Victoria on November 21st, 2010

Colorado Springs Gazette Cover Art, November 12, 2010

Allen True’s West: New touring show celebrates Western art

“Allen True’s West”

When: Through Jan. 9

Where: Fine Arts Center, 30 W. Dale St.

Admission: $10, $8.50 seniors, military personnel with ID and students, members free; 634-5583, csfineartscenter.org

Something else: From 2 to 4 p.m. Saturday, Victoria Tupper Kirby, co-author of “Allen Tupper True: An American Artist,” signs her book on her grandfather’s work at Black Cat Books, 720 Manitou Ave., Manitou Springs.

Traveling exhibit of works by artist who ‘escaped notice’ stops at Fine Arts Center by T. D. Mobley-Martinez

Allen True loved the West.

“I have to stay here to pick up my training and knowledge of my craft,” True wrote his father in 1906, “but just as soon as it is possible I shall come back to my native Colorado and do my work. Someday I am going to paint some big western pictures — worth a place in our capital telling something of the Western Frontier life that I am so proud of being heir to.”

You can see that affection as well as artifacts of his journey from illustrator to muralist in “Allen True’s West,” a touring show that celebrates his work. Curated by the Denver Art Museum, the 42-piece exhibition opens at the Fine Arts Center today.

When it comes to Western art, names like Charles Russell and Frederic Remington generate the real wattage. Even today, True is largely overshadowed by the giants of the genre.

“We’re really looking back now and what we see, what we’re drawn to, is the artists that somehow escaped notice,” says Blake Milteer, Fine Arts Center museum director. “We find he was not only in demand (in his time) but doing work that others were looking to.

“He’s a more and more important force in Western art.”

Born in Colorado Springs in 1881 and raised in Denver, True began his education as an artist at the renowned Corcoran School of Art in Washington, D.C. By 1902, he was one of the select group trained by the leading illustrator of the time, Howard Pyle. In that tutelage, True met lifelong friend N.C. Wyeth, a renowned illustrator and patriarch of three generations of artists. Before long, True’s work began appearing in magazines such as the Saturday Evening Post.

In stark contrast to Wyeth, True’s star rose slowly.

True bounced from Boston to the Springs before heading to Europe in 1907. There, he met British artist Frank Brangwyn, and became his apprentice on a mural for a historical London hall. 

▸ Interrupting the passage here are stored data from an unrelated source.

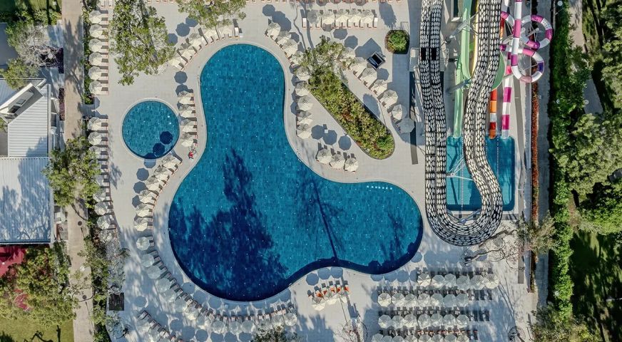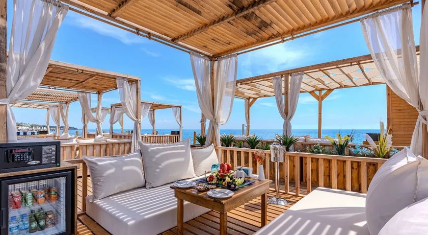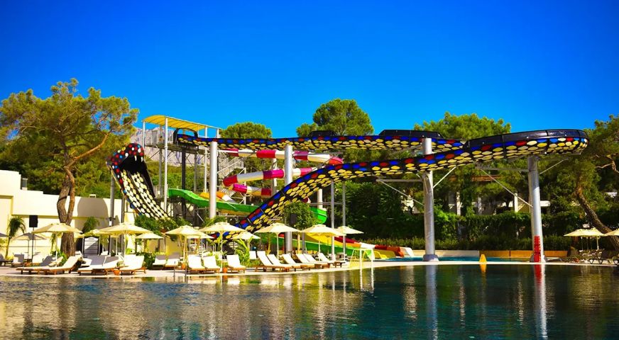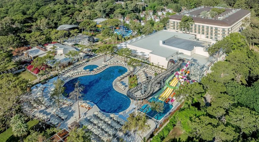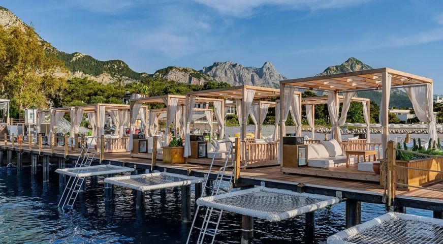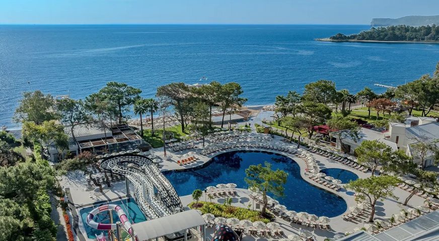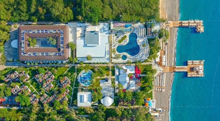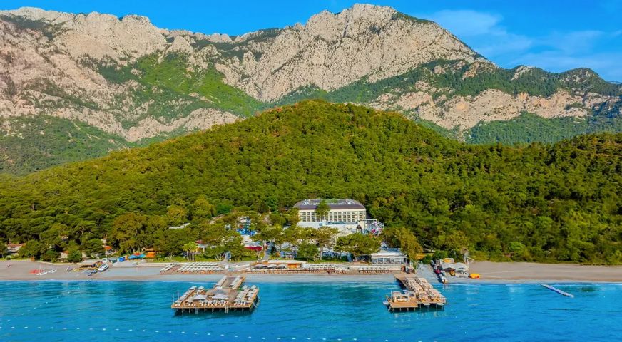 Намира се на 52 км от летище Анталия, на 45 км от центъра на Анталия, на 5 км от центъра на Кемер, на брега на морето. Изцяло реновиран през 2024 г., на обща площ от 60 000 м2.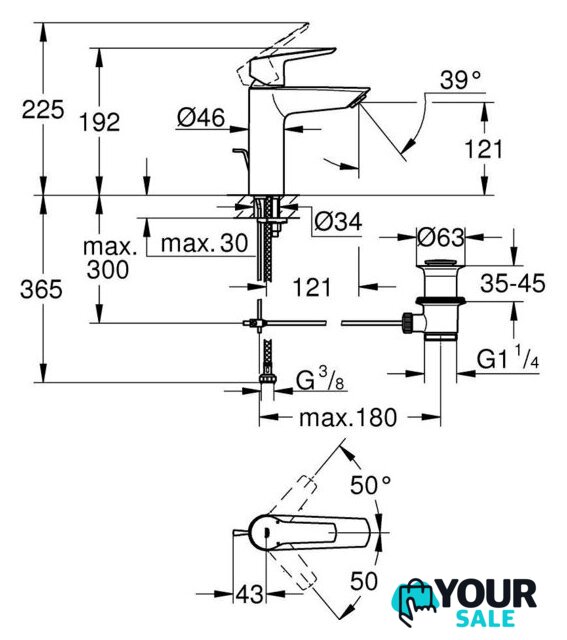 | Высота излива | 121 мм |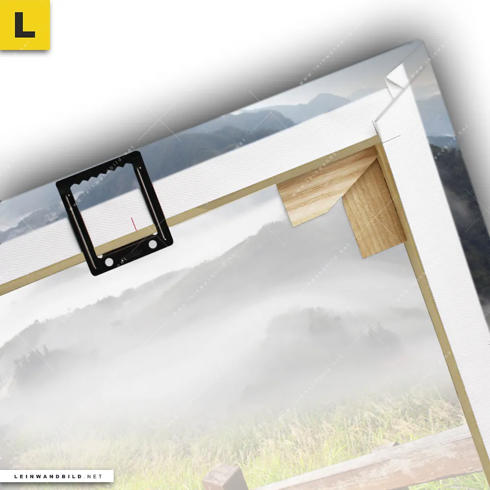 Du konfigurierst Dein individuelles Leinwandbild | Holztreppe auf Berg mit Wolken | Querformat und wir produzieren es NEU für Dich. Unsere Landschaften Leinwände sind KEINE Lagerware. Du bist Dir unsicher, welches Motiv oder Format das richtige für dein individuelles Keilrahmenbild ist, dann helfen wir dir gerne weiter und beraten dich!
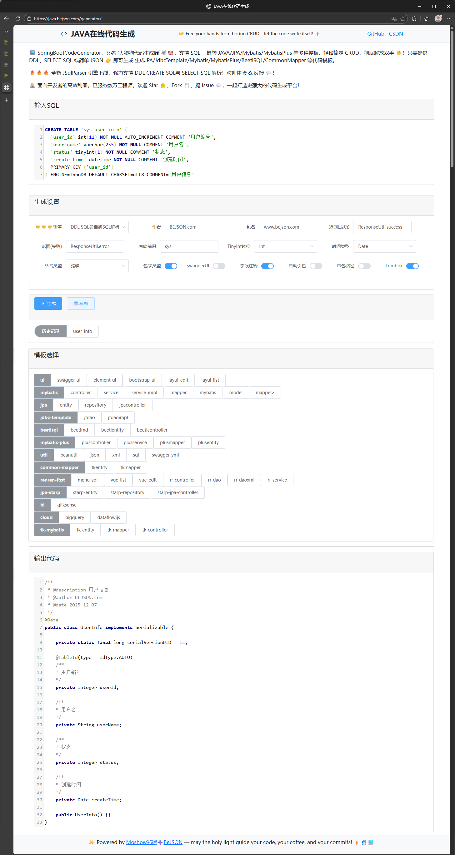又名Java代码生成器JAVA在线代码生成平台sql转java大狼狗代码生成器mybatis在线生成器SQL转Java JPA、MYBATIS实现类代码生成平台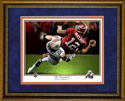 The Auburn Tigers of 2010 showed the world that no matter what they would not be denied victory. This print celebrates the Tigers comeback victory in Tuscaloosa in the Iron Bowl.This signed print by artist Larry Pitts is entitled, "The Comeback" and shows Bell as he throws McElroy to the ground thus ending the Tides chance at winning the game. This framed print measures 17 X 19 and is Professionally Framed in a 1 1/2" Walnut moulding with a brushed gold lip and is double matted in Navy Suede/orange with glass and backing. This print is brand new and is ready to hang.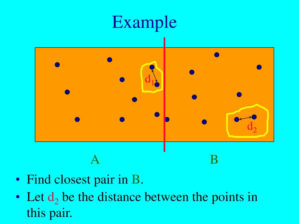 A B Example d1 d2 Find closest pair in B. • Let d2be the distance between the points in this pair.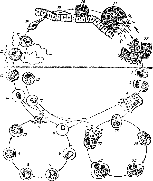 1— спорозоит, выходящий из протока слюнной железы, 2 — 4 — развитие спорозоита в тканевой клетке (экзоэритроцитарные стадии), 4 — образование тканевых мерозоитов, 5— 10—развитие паразитов в эритроцитах (эндоэритроцитарные стадии), II — шизогония, 12 и 13—развитие макрогаметоцита, 14 и 15 — развитие микрогаметоцита, 16 — образование микрогамет, 17 — проникновение микрогаметы в макрогамету (оплодотворение), 18 — проникновение оокинеты сквозь стенку средней кишки комара, 19 и 20 — развитие ооцисты на поверхности средней кишки комара, 21— разрыв зрелой ооцисты, выход спорозоитов, 22 — спорозоиты в слюнной железе комара, 23 — 27 — развитие последующих генераций паразита в тканевых клетках. Стадии 2—15 и 23—27—в человеке. Стадии 16 — 22—в комаре. I — 22 и пунктирные стрелки — цикл PI. falciparum, I — 27 и все сплошные дугообразные стрелки — цикл Pl. vivax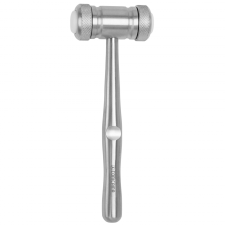 (aka: Surgical Hammer) Used to manually impart a force (i.e., strike) on another device (e.g., a chisel) during surgery. Available in a variety of designs and materials, the handle is typically made of metal (e.g., chromed iron or high quality stainless steel), but can also be made of synthetic materials (e.g., tufnol), and tapers distally to the head. The head is typically a solid, cylindrical shape normally being double-sided and made of solid (iron/steel) or shock absorbing materials (e.g., rubber, plastic, or tufnol).
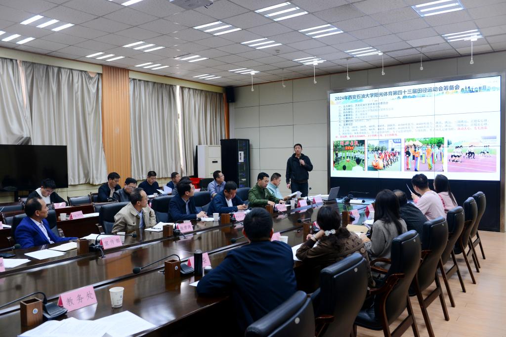 4月11日下午,学校2024年体育运动委员会工作会议暨第四十三届田径运动会筹备工作会在雁塔校区会议中心第二会议室召开。校体育运动委员会主任、副校长张君涛出席会议。会议由体育学院院长李寿邦主持,校体育运动委员会各成员单位负责人参加会议。

The mural became his métier, and before his death in 1955, it was what he was best known for — not only his visions of a rustic West, but of one embroiled in contemporary questions around water, electricity and telecommunications.

Allen True saw a lot of value in depicting the way the West formed American identity,” says Milteer, adding that local murals include those at the Alice Bemis Taylor’s Day School, the state Capitol and the Denver Public Library. “You see a very bold indication of a West changing in his time.”